IPO market in India has had its share of ups and downs over a period, for more than the last
decade. It has seen a steep rise in the initial years of the post liberalization of Indian
Economy. The growth observed during the first half of the 90s is mostly attributed to the
financial liberalization of the economy. An Initial Public Offering (IPO) is the first sale of
corporation’s common shares to investors on a public stock exchange. The main purpose of
an IPO is to raise capital for the corporation. This study investigates 251 IPOs for measuring
listing performance and 225 IPOs for measuring medium and long term performance, which
raised capital, have been listed on NSE between Nov. 1994 and April 2006. Underpricing of
an IPO has been measured as the return on the first day of trading while Underperformance
means negative returns accrued to the investors holding these IPOs in the long run. The
finding of study reveals an average initial returns or underpricing of 40.08 Per cent and if
underpricing is adjusted to market return (using Nifty) for same period, the returns decline to
39.36 Per cent. To get possible explanation for short run, medium and long run underpricing
for IPOs, factors like Offer Price, Offer Date, Offer Size, Listing Date, Age, Industry, Lead
manager and Oversubscription of IPOs are considered.

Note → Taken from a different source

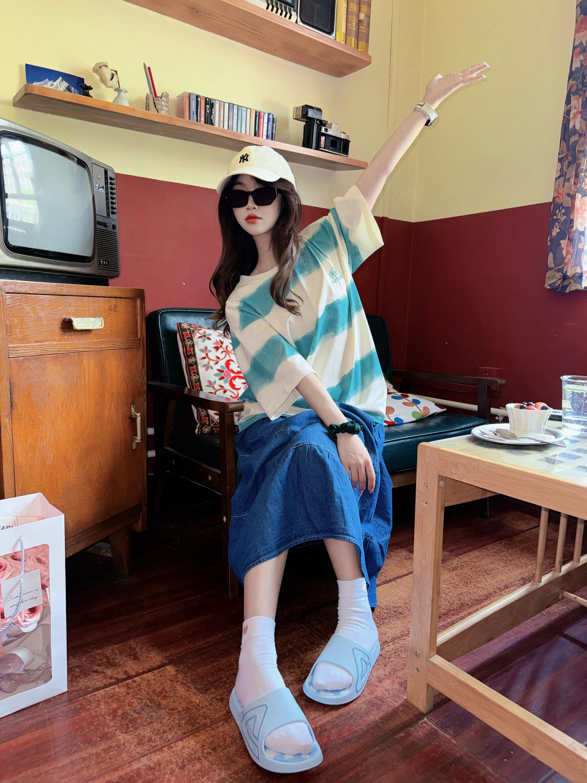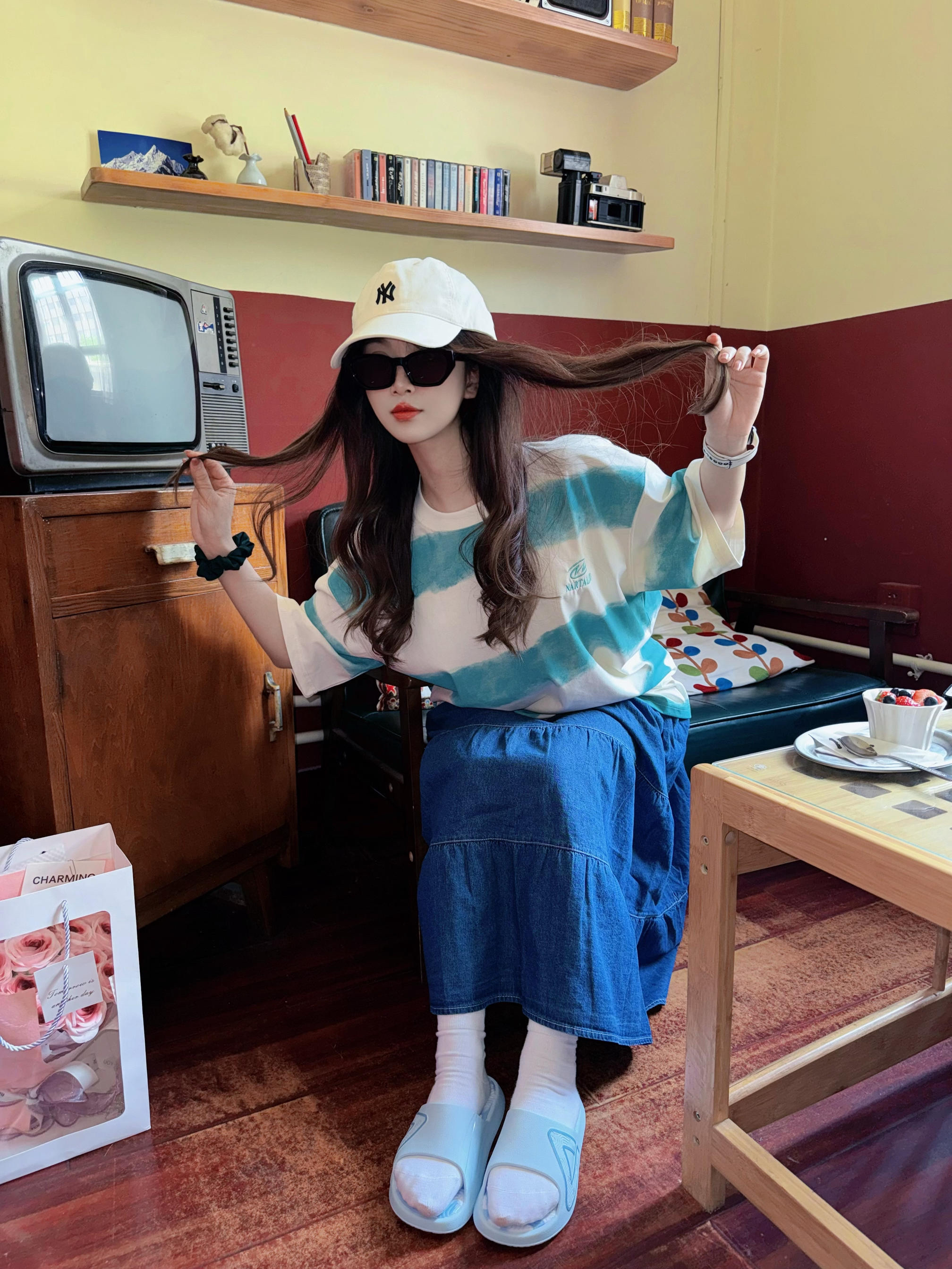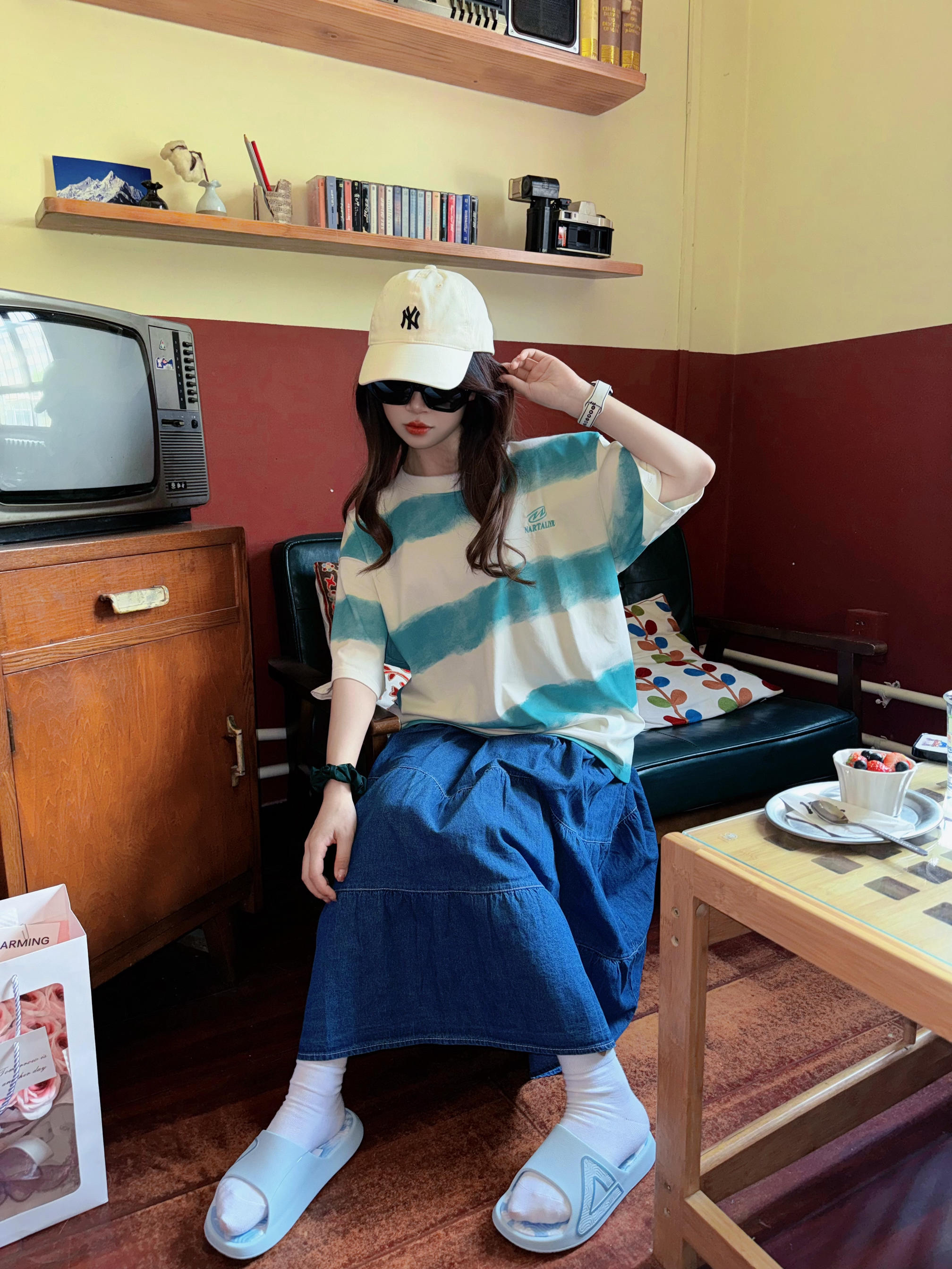 这个五月衣柜里是不是缺了一件百搭条纹T恤 微渐变的设计好喜欢😆 搭配牛仔长裙好舒服的感觉^_^ 百分百纯棉哦~布料超级软 穿起来也很凉快不闷,做工也很细致 穿显瘦百搭T恤真的给一种干净清爽的感觉 男女同款,性价比超高 154/40上身s码 #又一件宝藏T恤 #必入T恤分享 #不限穿搭合伙人 #晒出你的出片战衣 #条纹短袖T恤

The empirical results suggests that
factors including oversubscription, inverse of IPO price, year dummy for 2001, activity based
industry dummy for software and Lead Manager have significant impact on underpricing.
While the first four are positively related, the last variable is negatively related with
underpricing. As far as medium and long run performance is considered Age, Listing Delay,
Reciprocal of IPO price, Lead Manager, Oversubscription, Dummy in year 2005, Financial
service Industry have been found significant either at the end of first, second or third year.